Try it -
Working from the data below, write out exactly the lines from its first through the line that contains "pridržavala postignutog dogovora.", both ends included and pictures omitted.

(Beginning of Provided data)

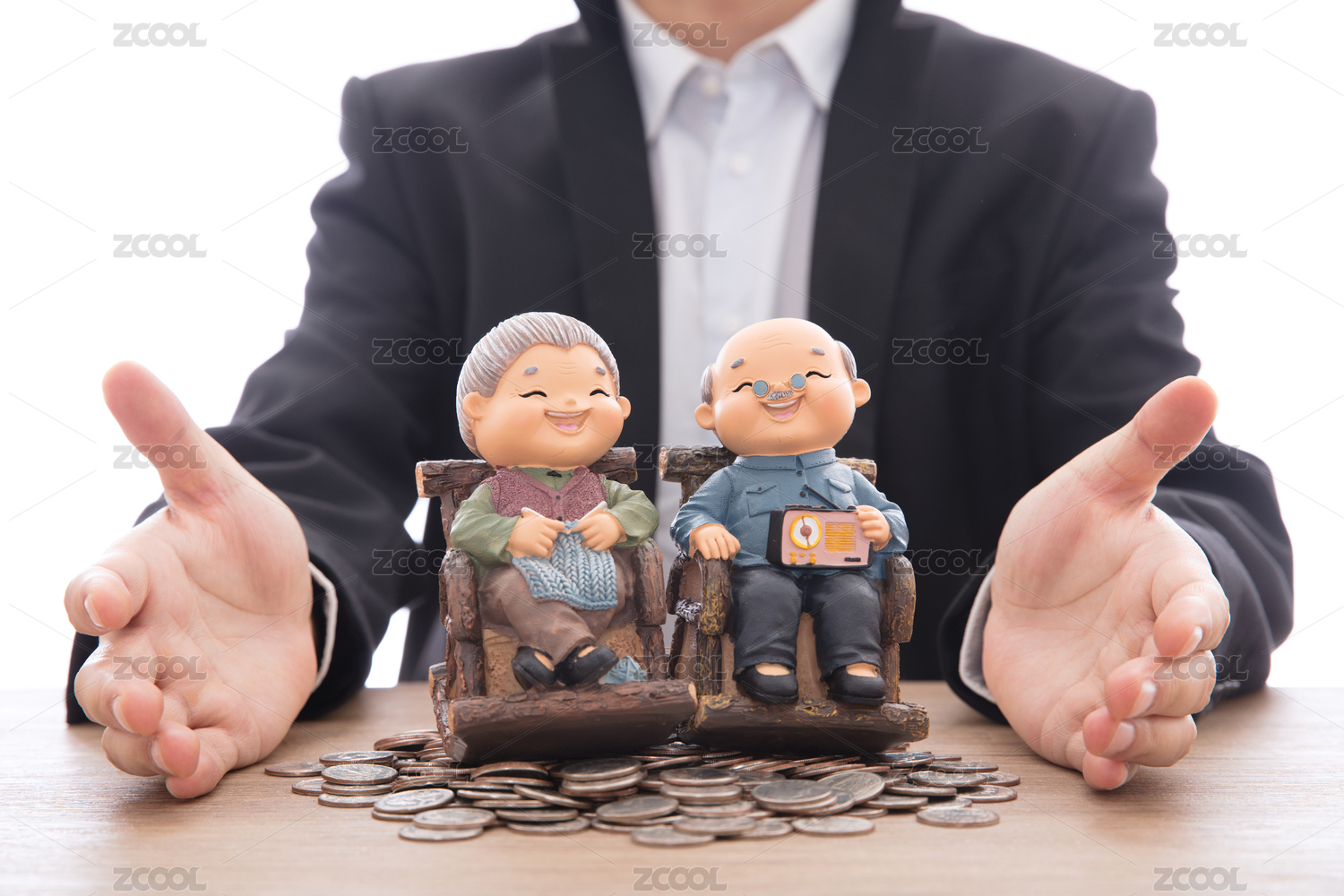 穿着正装的男性双手呵护着放在美元硬币上的老两口模型
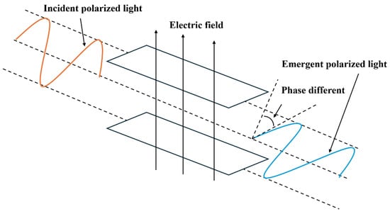 In Equation (1), Ii denotes the input light intensity, and Io represents the output light intensity. Em signifies the electric field strength at which the light intensity reaches its first maximum, also referred to as the half-wave field strength; this value depends solely on the Kerr constant and the effective length of the electric field region, as calculated by Equation (2).
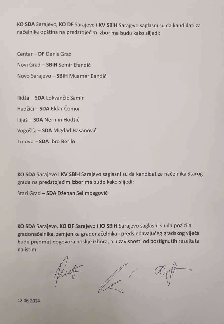 "Razgovori su vođeni na nivou kantonalnih organizacija tri stranke i ono što je dogovoreno parafirano je 12. juna 2024. između tri predsjednika - Almira Bečarevića, Faruka Kapidžića i Albina Zuhrića, te taj dokument objavljujemo isključivo zbog pokušaja manipulacije jedne od općinskih organizacija koja se svakako nije pridržavala postignutog dogovora.
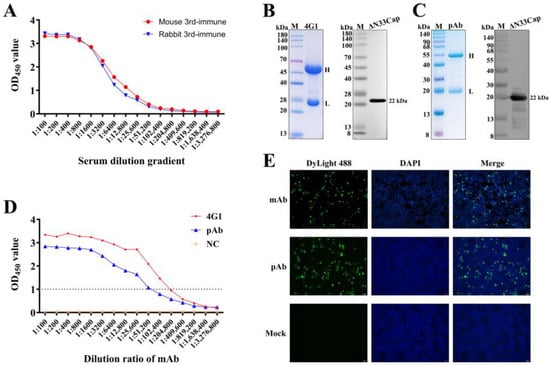 Purified ΔN33Cap protein (1 mg/mL) was emulsified in a 1:1 ratio with Freund’s complete adjuvant (Biodragon, Suzhou, China). BALB/c mice were immunized by subcutaneous multi-point injection (200 μL) in the cervical dorsal region. Two weeks later, two booster immunizations were given at 2-week intervals using Freund’s incomplete adjuvant (Biodragon, China) via the same injection protocol. Three weeks after the third immunization, mice received an intraperitoneal antigen boost. Three days post-boost, splenocytes were isolated and fused with SP2/0 myeloma cells using polyethylene glycol (PEG-1500)-mediated fusion (Sigma-Aldrich, St. Louis, MO, USA). Hybridoma cells were cultured in HAT medium and followed by HT medium (Sigma-Aldrich, St. Louis, MO, USA) for initial screening. Cell culture supernatants were screened by indirect ELISA to identify positive hybridoma clones. Positive clones underwent three rounds of subcloning via limiting dilution, with repeated indirect ELISA validation to select stable antibody-secreting clones. For ascites production, mice were pre-stimulated with a special adjuvant for ascites (Biodragon, China) for two weeks prior to intraperitoneal injection of 1 × 106 hybridoma cells. Ascitic fluid was collected after approximately 10 days, clarified by centrifugation (1000× g, 10 min, 4 °C), and further purified using Protein A/G affinity chromatography (Beyotime, Shanghai, China) according to the manufacturer’s protocol.

(End of Provided data)

Your response -
 穿着正装的男性双手呵护着放在美元硬币上的老两口模型
 In Equation (1), Ii denotes the input light intensity, and Io represents the output light intensity. Em signifies the electric field strength at which the light intensity reaches its first maximum, also referred to as the half-wave field strength; this value depends solely on the Kerr constant and the effective length of the electric field region, as calculated by Equation (2).
 "Razgovori su vođeni na nivou kantonalnih organizacija tri stranke i ono što je dogovoreno parafirano je 12. juna 2024. između tri predsjednika - Almira Bečarevića, Faruka Kapidžića i Albina Zuhrića, te taj dokument objavljujemo isključivo zbog pokušaja manipulacije jedne od općinskih organizacija koja se svakako nije pridržavala postignutog dogovora.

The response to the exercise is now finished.